(Task input)
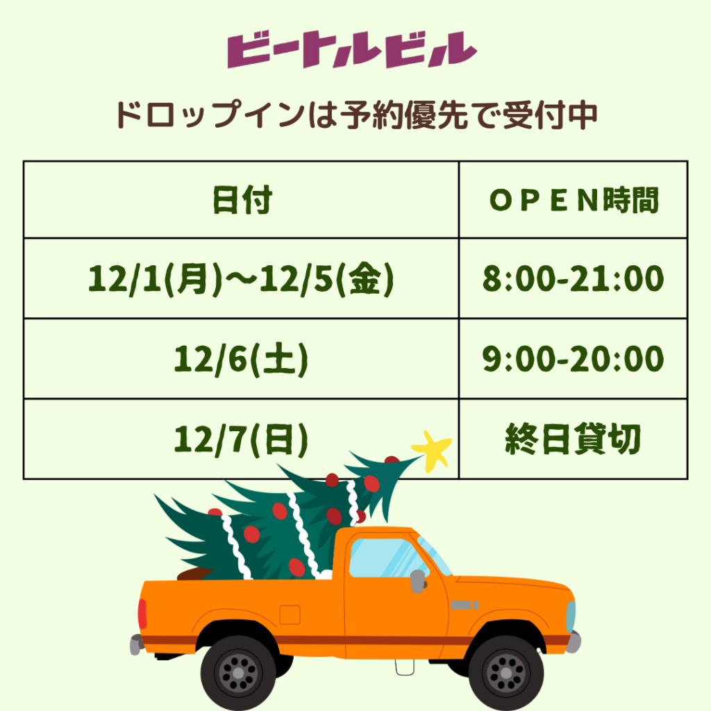☆12月1日 (月) 8:00~21:00 ( ドロップインは予約優先)☆12月2日 (火) 8:00~21:00 ( ドロップインは予約優先)☆12月3日 (水) 8:00~21:00 ( ドロップ…
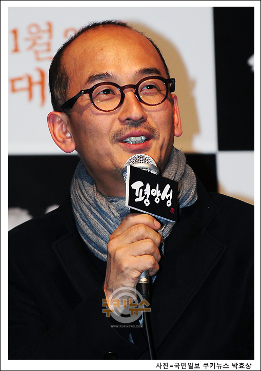<왕의 남자>를 예로 들며 “<왕의 남자>도 다인칭 구조였다. 이 구조는 극의 몰입을 방해하는 단점이 있다. <평양성>도 많은 인물이 동시에 나와 전쟁 이야기를 풀어간다. 고구려의 사면을 다뤘다. ‘거시기’(이문식)와 ‘갑순이’(선우선)의 이야기도 있고, ‘남건’(류승룡)과 ‘남생’(윤제문)의 이야기도 있다. 전쟁영화의 대결 구도가 아니라 신비극처럼 보이게 찍으려고 했다”고 말했다.
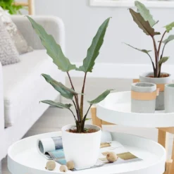 Add a tropical feel to your house with this decorative houseplant. Originating from Southeast Asia it needs warmth and humidity for the striking long spear-shaped, wavy-edged leaves to develop. It has an upright form with strong stems flecked green and purple for added interest.
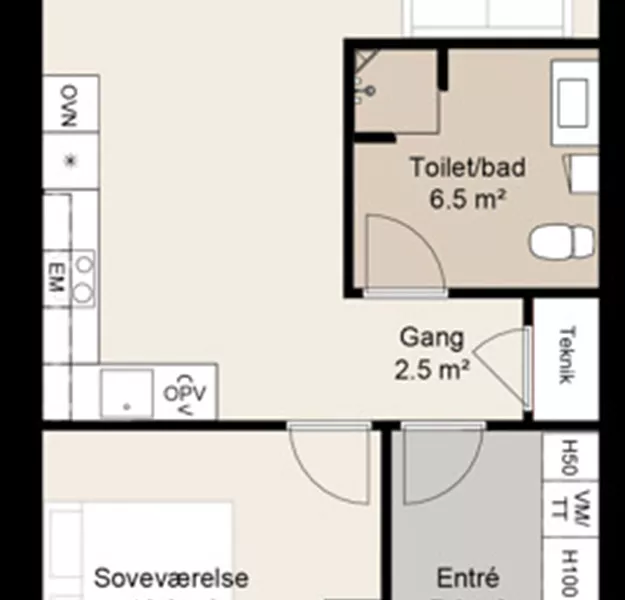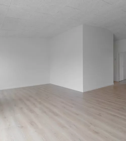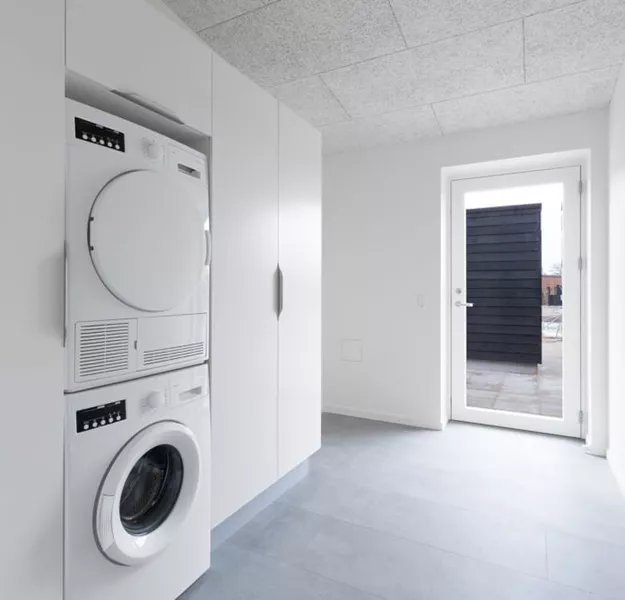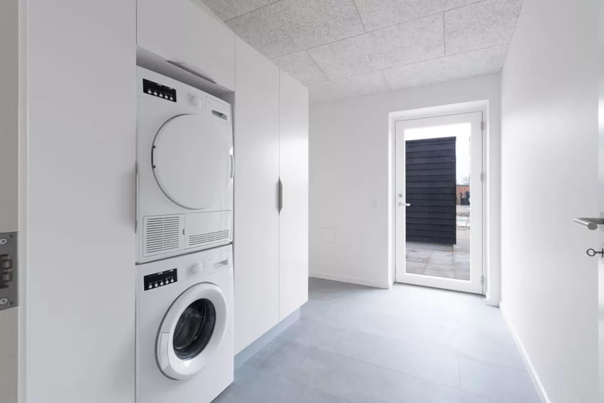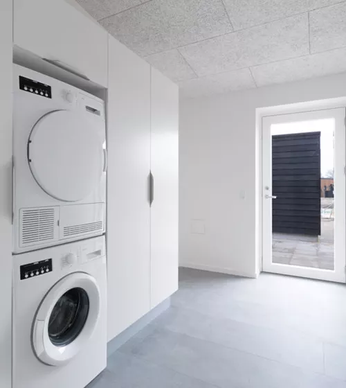 Det første du møder, når du træder ind i denne bolig, er den flotte entré. Her er både vaskesøjle og monterede højskabe til opbevaring. Der er desuden god plads til at tilføje ekstra elementer til indretningen såsom skoskab, planter, en bænk eller stumtjener.
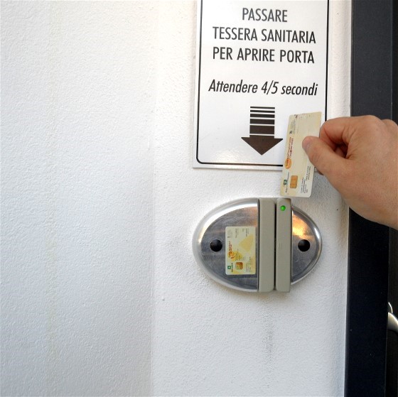 Accanto alla porta d'entrata c'è un lettore di Tessera Sanitaria (Carta regionale dei servizi) per verificare l'accesso solo alle persone maggiorenni. Nessun dato personale viene registrato, si verifica solo la maggiore età dei Clienti. Strisciando la tessera dall'alto verso il basso, la porta si apre dopo alcuni secondi di attesa.
(End Task input)
__Instructions for the task__:
Exactly the lines from the one with "Add a tropical" through the end of the records are to be repeated, both ends included, and pictures are to be omitted.

__The answer__:
 Add a tropical feel to your house with this decorative houseplant. Originating from Southeast Asia it needs warmth and humidity for the striking long spear-shaped, wavy-edged leaves to develop. It has an upright form with strong stems flecked green and purple for added interest.
 Det første du møder, når du træder ind i denne bolig, er den flotte entré. Her er både vaskesøjle og monterede højskabe til opbevaring. Der er desuden god plads til at tilføje ekstra elementer til indretningen såsom skoskab, planter, en bænk eller stumtjener.
 Accanto alla porta d'entrata c'è un lettore di Tessera Sanitaria (Carta regionale dei servizi) per verificare l'accesso solo alle persone maggiorenni. Nessun dato personale viene registrato, si verifica solo la maggiore età dei Clienti. Strisciando la tessera dall'alto verso il basso, la porta si apre dopo alcuni secondi di attesa.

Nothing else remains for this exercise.